At heart, I’m a simple man. I don’t need fancy things or seven-figure cars. I’ve never strived to work in finance – the thought of wearing a Patagonia vest to work every day was the definition of my nightmare. I simply wanted a decent job where I could have a true work/life balance, with life being the focus of that balance.Yet, what I learned quickly was that simple comes with many perks as well as many struggles. Sure, I don’t care to ride around in a Ferrari (livin’ that Honda dream since 2014!), but I do crave financial freedom. I do not want to be another stereotype where I “live to work” to uphold my life.

So, there I was, all motivated to invest my hard-earned, slow-growing savings account into something great … but what? I think we can all agree if you listen to too many people, you will find yourself terrified to invest but also terrified not to invest. That’s when I learned about HappyNest.
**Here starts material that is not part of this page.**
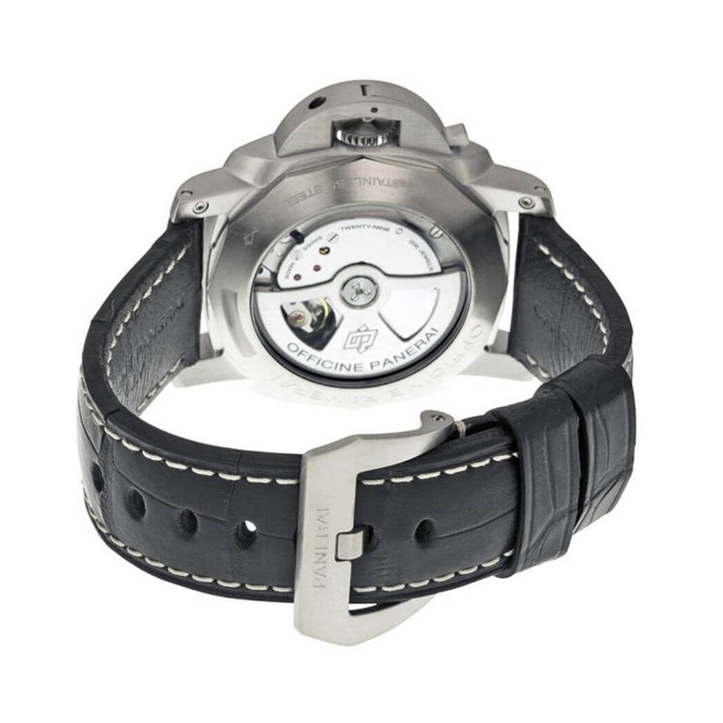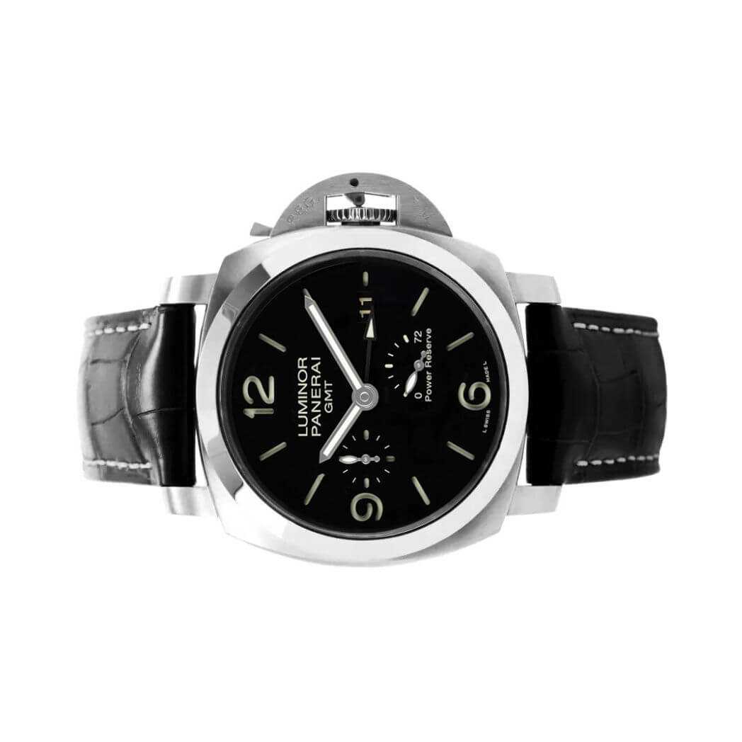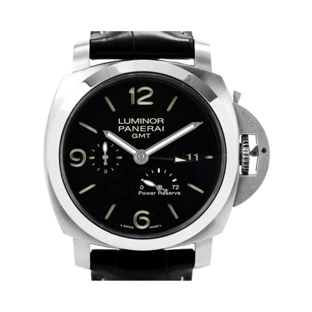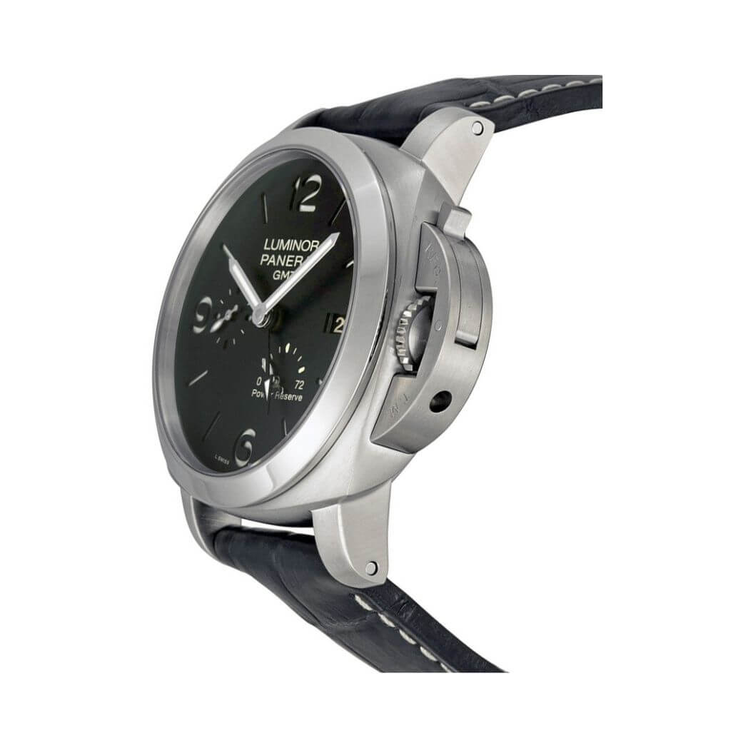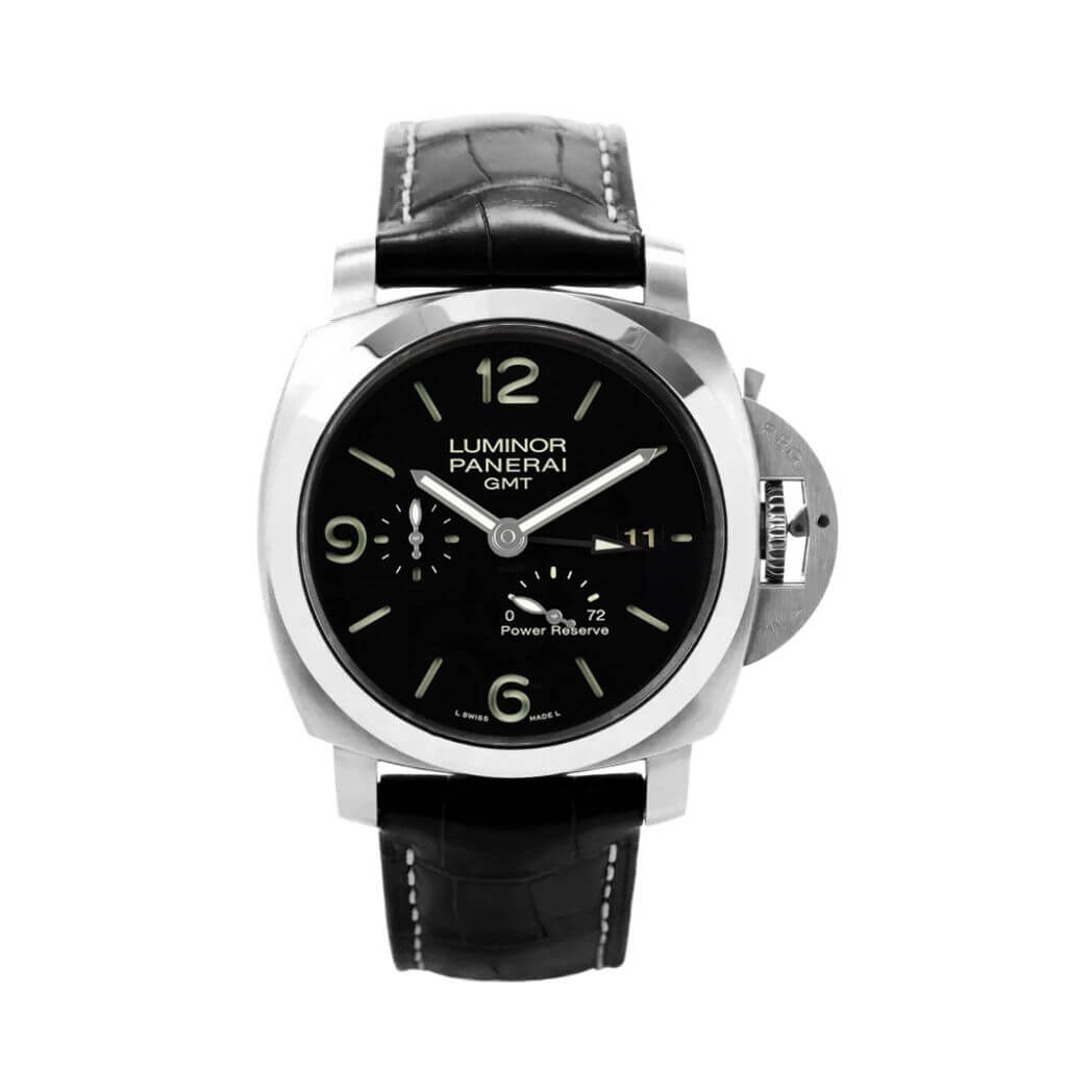 44mm AISI 316L brushed steel case, see-through sapphire crystal back, polished bezel, brushed steel device protecting the crown, black dial with luminous Arabic numerals and hour markers, date at 3 o’clock, seconds at 9 o’clock, power reserve indicator at 5 o’clock, automatic Panerai P.9002 calibre movement with hours, minutes, small seconds, date, second time zone, power reserve indicator, seconds reset, approximately 3 days of power reserve, black leather strap. Water resistant to 300 meters.

The process was quick, easy, and incredibly user friendly. I had a rough idea of how much I wanted to save within a certain time frame. HappyNest took the guesswork out of it for me and broke down how much I needed to put in monthly to achieve my goal. The best part – I’m not doing any more or less than I used to with my sluggish savings account, yet my growth is far greater.

Will I become a millionaire overnight? No. The one thing I really appreciate about real estate investing is that it’s a slow and stable burn, regardless of what the rollercoaster we call the Dow Jones is doing. For me, I finally have a piece of mine that there is an investment option out there that is working for me and my goals, even if they are simple.